Noriko Oyama-Manabe1, Osamu Manabe2, Ichizo Tsujino3, Hiroshi Ohira3, Tadao Aikawa4, Kohsuke Kudo1, and Noriko Oyama-Manabe1

1Diagnostic and Interventional Radiology, Hokkaido University Hospital, Sapporo, Japan, 2Nuclear Medicine, Hokkaido University Hospital, 3First Department of Medicine, Hokkaido University Hospital, 4Department of Cardiovascular Medicine, Hokkaido University Hospital

Synopsis

Thirty-three patients with pulmonary hypertension (PH) and age-, sex-matched 15 controls were retrospectively evaluated. The pulmonary artery to ascending aortic ratio (PA-A ratio) measured by cardiac MRI was significantly higher in PH patients than that in controls. The patients with pulmonary arterial hypertension showed a significantly higher PA-A ratio compared to patients with other causes of PH. Increased PA-A ratio showed significant correlations with right ventricular (RV) dilatation and decreased RVEF. The PA-A ratio showed high sensitivity and specificity for detection of PH. The PA-A ratio using cardiac MRI is an easy surrogate marker for detection of RV dysfunction and PH.

PURPOSE

Cardiac magnetic resonance imaging (CMRI) can quantify right ventricular (RV) volumes, ejection fraction and provide morphological information such as diameters of great vessels1. Wells et al. reported that increased size of the pulmonary artery could be the result of pulmonary hypertension2. Relative pulmonary artery enlargement, as determined by a pulmonary artery to ascending aortic ratio (PA-A ratio) may identify patients with pulmonary vascular disease2,3. The aim of this study was to investigate the diagnostic power of the PA-A ratio by CMRI in PH patients. We correlated the PA-A ratio with RV functional parameters (RV end-diastolic volume (EDV), end-systolic volume (ESV), and ejection fraction (EF)) and the results of right heart catheterization (RHC).

METHODS

The institutional review board approved the retrospective study and waived the requirement for informed consent. Thirty-three patients (9 males, age 57±16 years old) with PH (mean pulmonary artery pressure (PAP) >25 mmHg) between December 2009 and September 2015 were enrolled in this study. CMRI was performed as a part of clinical routine. Fifteen age and sex matched patients with normal RV function (RVEF ≧ 45%) and no cardiac disease (no late gadolinium enhancement and pulmonary hypertension) were enrolled as the control group. CMRI was performed with a 1.5 T whole body scanner Achieva (Philips Medical System, Best, The Netherlands), equipped with a 32-channel phased-array coil. Functional cardiac imaging including trans-axial and left ventricular short axis planes was performed by breath-hold segmented k-space steady-state free precession (SSFP) techniques (TR/TE/FA, 3.5/1.75 ms/ 60°; spatial resolution, 2.97×2.86×8mm; slice thickness 10mm; matrix: 128×108; 20phases).

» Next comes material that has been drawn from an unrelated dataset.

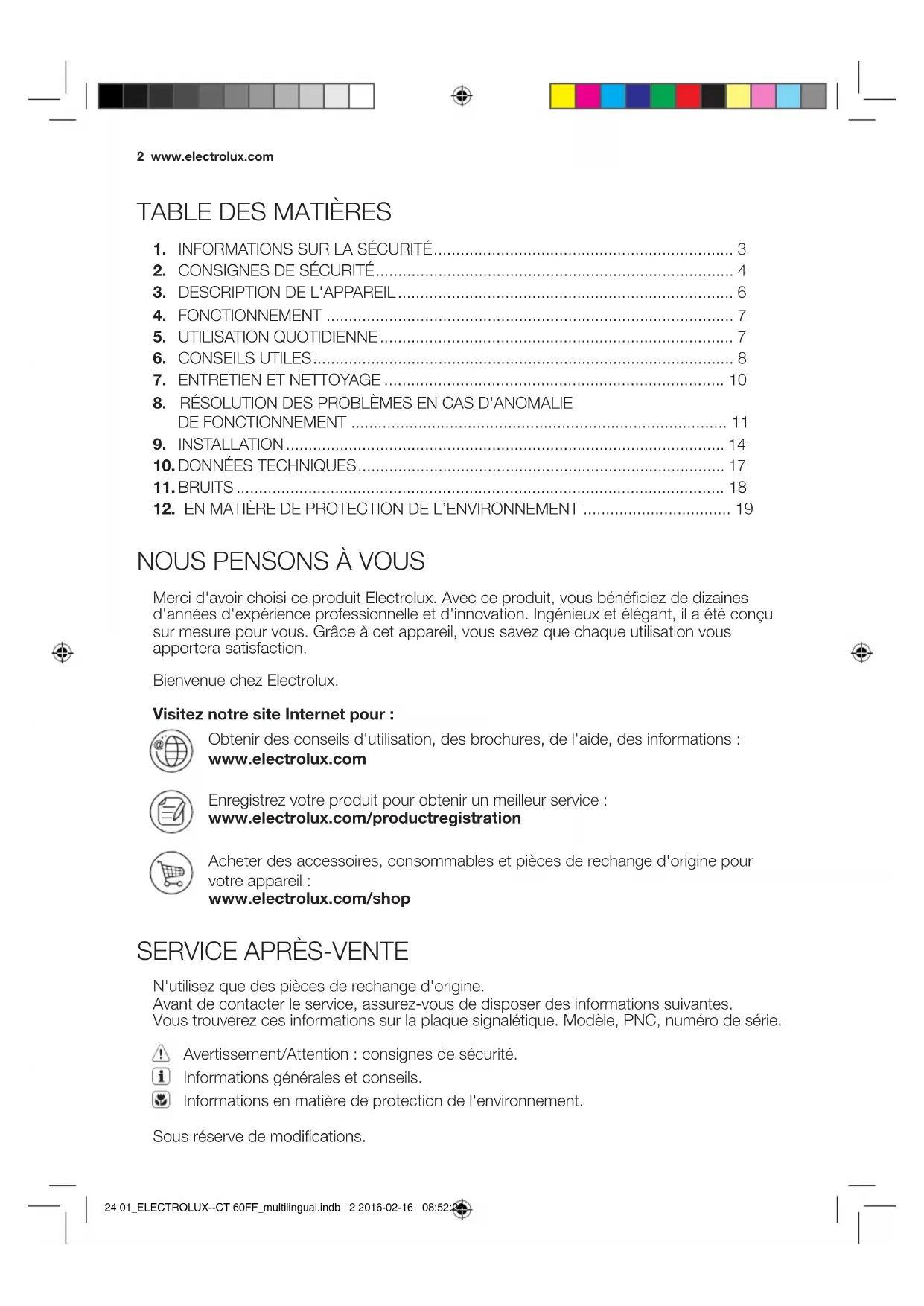 24 01_ELECTROLUX--CT 60FF_multilingual.indb 1 2016-02-16 08:52:22NOUS PENSONS À VOUS Merci d'avoir choisi ce produit Electrolux. Avec ce produit, vous bénéciez de dizaines d'années d'expérience professionnelle et d'innovation. Ingénieux et élégant, il a été conçu sur mesure pour vous. Grâce à cet appareil, vous savez que chaque utilisation vous apportera satisfaction. Bienvenue chez Electrolux. Visitez notre site Internet pour : Obtenir des conseils d'utilisation, des brochures, de l'aide, des informations : www.electrolux.com Enregistrez votre produit pour obtenir un meilleur service : www.electrolux.com/productregistration Acheter des accessoires, consommables et pièces de rechange d'origine pour votre appareil : www.electrolux.com/shop

All CMRI measurements were performed by a blinded cardiovascular radiologist unaware of the RHC results using View Forum (Extended MR Work Space: ver. 2.6.3; Philips Medical Systems, Best, The Netherlands). Pulmonary artery and ascending aortic diameters were determined from inner-edge to inner edge in trans-axial SSFP end-diastolic phase at the level of the PA bifurcation. Representative images of the pulmonary artery and aortic measurements are given in Fig.1 and 2. LV and RV endocardial borders were semi-automatically traced from the stack of cine images to obtain EDV and ESV. RHC was performed within 2 weeks in patients with PH. In controls, 13 patients underwent echocardiography instead of RHC and systolic PAP was estimated. One-way ANOVA was used to test the differences in RV volume parameters and the PA-A ratio between the PH and control groups. The PH group was also divided into pulmonary arterial hypertension/pulmonary veno-occlusive disease (PAH) and other PH groups (lung PH and chronic thromboembolic PH). Differences in the PA-A ratio among different groups were assessed by Tukey-HSD test. Correlations between the PA -A ratio and results of RV volume analysis and RHC were evaluated by linear regression analysis. Sensitivity and specificity of the PA-A ratio and a diameter of pulmonary artery for detection of PH was verified by a ROC-curve analysis. All statistical analyses were performed using JMP 12.0.1 (SAS institute, Cary, NC, USA).

RESULTS

Results of CMRI and RHC are summarized in Fig.3. RV volumes and RVEF differed between the PH and controls (p<0.0001 for all), while LVEF did not differ between groups (p=0.12). The PA-A ratio in PH patients (1.11 ± 0.03) was significantly higher than that in controls (0.80 ± 0.05) (p<0.0001). The diameter of PA (31.7 ± 0.8mm) was significantly larger in PH than that in controls (23.9 ± 1.2mm) (p<0.0001), while there was no such difference in the aortic diameter (p=0.28).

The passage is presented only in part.